The title is good, simple, apt to the plot and quite unique, definitely attractive enough to grab the readers attention.

But, still, I suggest, you can make it more attractive by having synonyms of it.

Cover-

The cover is not at all attractive, just some simple pictures which cannot attract any readers. You can make the cover in a creative way, after all, it is all about the home mates. You definitely can!

The title on the cover doesn't match with your book title, change it.

Blurb-

Blurb is good, but not sufficient to attract the readers.

There are some words you misused in your blurb.


" rather than to live on the same flat for six months. ", it is the wrong sentence, don't you think so?

The title is Home mates and in the blurb, you have written Flat. It doesn't make any sense. Either change it to home and or change the title to Flat.

Blurb rather gives me a character sketch more. Your story is definitely something everyone would love to give a read if they want to smile. But, losing the readers just because of an unattractive blurb is definitely a great failure.

Work on the blurb more. Your story has a chance to build an attractive blurb.

" Peep inside to know more", is a sentence which should be banned while writing. It is not the correct way, don't include peep to know more in your blurb.

It may irritate readers, even if you write, write it under personal blurb. I agree you have differentiated it with a '**' symbols, but that definitely cannot be understood by new users. So, if you want to write about something that doesn't include the blurb of the story, write it under personal blurb / AN's.

Plot-

The plot is definitely not something new, but the way you have created it with the different type of characters and their attributes with extreme humour is definitely something that would grab readers attention.

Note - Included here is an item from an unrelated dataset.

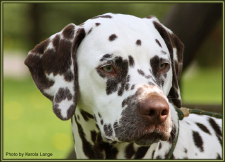 "Silas" besticht durch seine herausragend harmonischen Gebäudelinien, die im Stand wie auch in der Bewegung Geschmeidigkeit, kraftvolle Eleganz und einen athletisch bemuskelten Körper miteinander vereinen mit ausgesprochen viel rüdenhafter Ausstrahlung, Charisma und Adel. Er ist ein völlig in der Balance und 100 % im richtigen Rechteckformat (9:10) stehender, sehr knochenstarker, vorzüglich proportionierter und kräftig bemuskelter Rüde von hervorragender Substanz, mit vorzüglich saftigem Pigment. Vorzüglich typvolles Kopfmodell mit voll durchpigmentiertem Augen- wie auch Nasensaum, bernsteinfarbiges Auge, komplettes, kräftiges Scherengebiss, korrekt angesetzte und getragene gefleckte Behänge, trockener, sehr edel aufgesetzter, langer Hals, der schwungvoll in den stark ausgeprägten Widerrist übergeht. Er verfügt über eine ausgesprochen exzellente Brusttiefe mit vorzüglicher Bemuskelung der Vorbrust und Schulter. Schulter und Oberarm befinden sich in einem ausgezeichneten Winkel. Sein Rücken ist gerade und fest mit ausgesprochen korrekt gelagerter Kruppe, äußerst harmonische, einwandfreie Ober- u. Unterlinie, korrekte Rutenhaltung im Stand, wie auch in der Bewegung, exzellente Winkelung der Vor- und Hinterhand, vorzüglich und kräftig aufgeripptes Gebäude, vorzüglich verteilte Fleckung in sehr gutem Abstand stehend und von sehr guter Größe, kräftige, runde, vorzüglich aufgeknöchelte Katzenpfoten, ausgesprochen kraftvolles, raumgreifendes, gleichmäßig paralleles Gangwerk in der richtigen Trittfolge, geht mit Temperament und kontrolliertem, kraftvollem Schub aus der Hinterhand.

Well, Ramu is definitely an important character here.

Kushi, Arnav, Ishita, Raman and Shivay living in the same flat in their respective rooms.

Humour is definitely plus point to your story, in fact, it is excellent but the way you carried out the story (flow) is blitz here.

Arnav and Ishita's relationship, Arshi's and Raman-Ishita's cat and dog fight is fun to read.

Annika's introduction as a servant in the same house, the behaviour of Shivay and Annika gives a hint of an idea of their relationship, yet a curiosity to know the fine relationship between them.

Drunken Kushi is definitely a treat to read.

Until now, the humour is attractive.

But, you have missed the flow of the story.

The readers may get confused with all the characters (more than 3) included, even I did. So, don't rush. Just take it at a slow pace with the neat introduction of their attributes, especially when more than 3 characters are involved.

Actually, a novel should mainly focus on 3 characters - Main character, his/ her supporter and a sinner. This format gives no confusion.

Since your book is all about different characters, it gives the readers confusion. So, just concentrate on the flow, take it at a slow stride.

Well, coming to the character Guru, you have introduced him as a person who loves Annika and has the greed of money. He sent Annika to trap Raman in their web who turns out to be a cop.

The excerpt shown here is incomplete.